So I tried the Masterworks mod as the kobolds, figured I'd like the challenge. Had issues with lack of wood, metals, and the like, but scrape by until the Elven caravan. Figured I could get all of that off the Elves no issue, since I had plenty of value to trade and they had plenty of each to trade with. The problem? I tried to trade spiked wooden balls and promptly got slaughtered by the Elves due to a lack of a military (no metals), and lack of wood (no arching them) ::). Gotta love forgetting key details when trading with the various races :-[.

Reading this, I just realized why the elves got pissed at me all of a sudden...

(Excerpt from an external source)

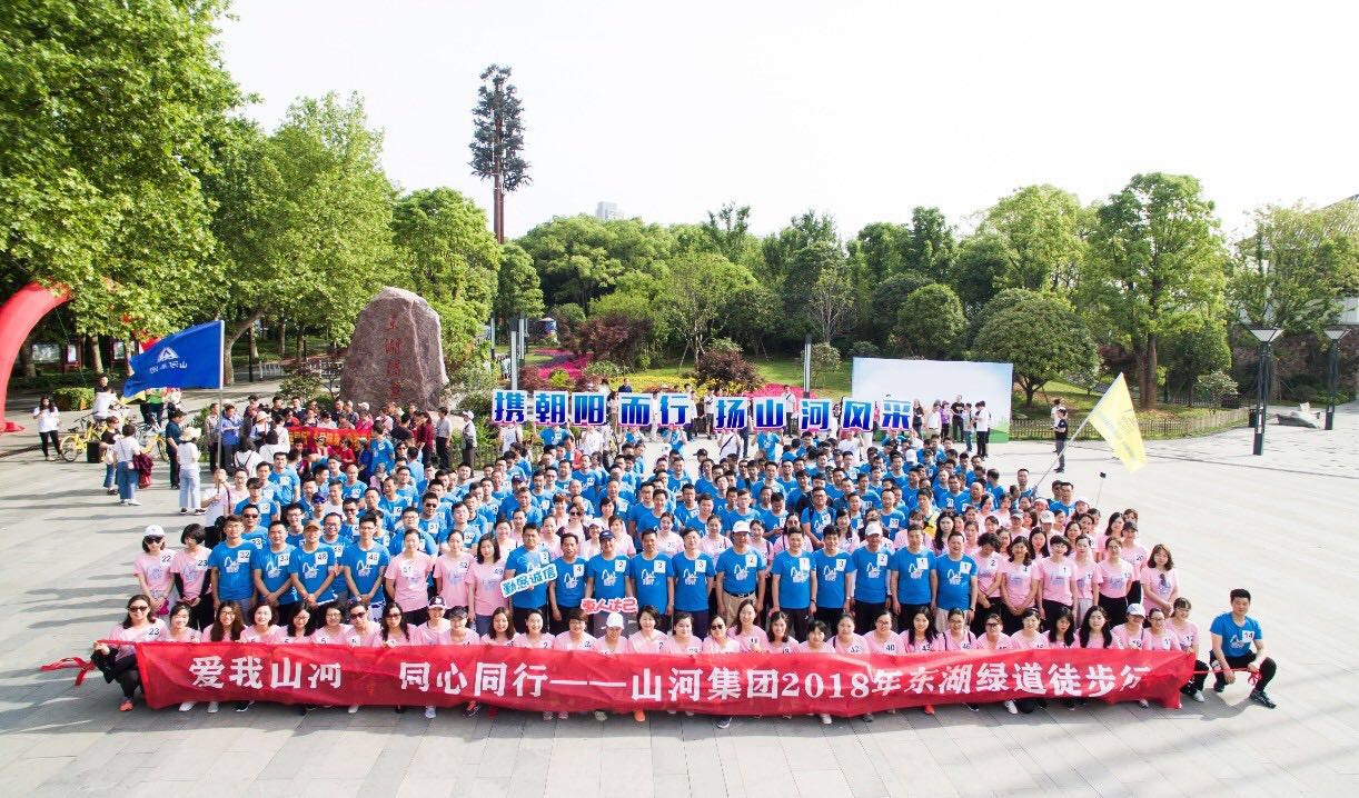 5月4日,青年節(jié)這天,山河健兒們整裝待發(fā),熱情昂揚的迎來了“愛我山河 同心同行”2018年東湖綠道徒步行活動?;顒佑缮胶蛹瘓F黨委、工會組織,來自集團總部、建設(shè)集團、地產(chǎn)集團、湖北區(qū)域公司、在漢子公司等400余名選手在主會場參加了徒步比賽。

My fortress was running low on food and cloth, so naturally I was delighted to see a caravan coming (even if it was elven, I mean, desperate times calls for desperate measures). Hauled all my craft-goods to the depot, and marked all the elves cloth and edible items for trade. However, since my craft-goods were in containers, I think I failed to notice that some wooden items came along (since they were stored in the same containers), because when I tried to trade the elf was like "I will not trade with someone who abuses fine wood in this way".

I was like serious wtf-mode. I mean sure, I tried getting away cheap, but no THAT cheap, and what is all this about wood?

But now I realize what happened... And since they haven't left, I think I'll kill them for insulting my crafts. Yes, that sounds about fair.

Want to sell them back their wooden shield? They get pissed, but it was THEM who made that thing.
They sell you wooden logs, but do not want anything made of them? But THEY felled the tree.
...

etc.

To be fair, they don't kill trees.
They GROW the trees into the shapes they sell you, just, with magic apparently

Edit: In adventurer mode, the only quest anyone in this town will give me is to go kill a vampire with 2174 kills. That may be a bit beyond my peasants capabilities.

Thing is, vampires kill their prey sneakily, so they need not have any combat skill at all while having killed fifty gazillion idiots.

Yeah, I killed a vampire that had 25 kills with an adventurer who was killed a few in-game days later by Random Goblin #5.

They kill when their prey sleeps, so as long as you don't sleep in the vampire's home, you should be fine
And their physical skills ease to grow or diminish when they go vamp (so its rare you'd find a legendary axevamp)
« Last Edit: February 25, 2013, 02:22:38 am by Ianflow »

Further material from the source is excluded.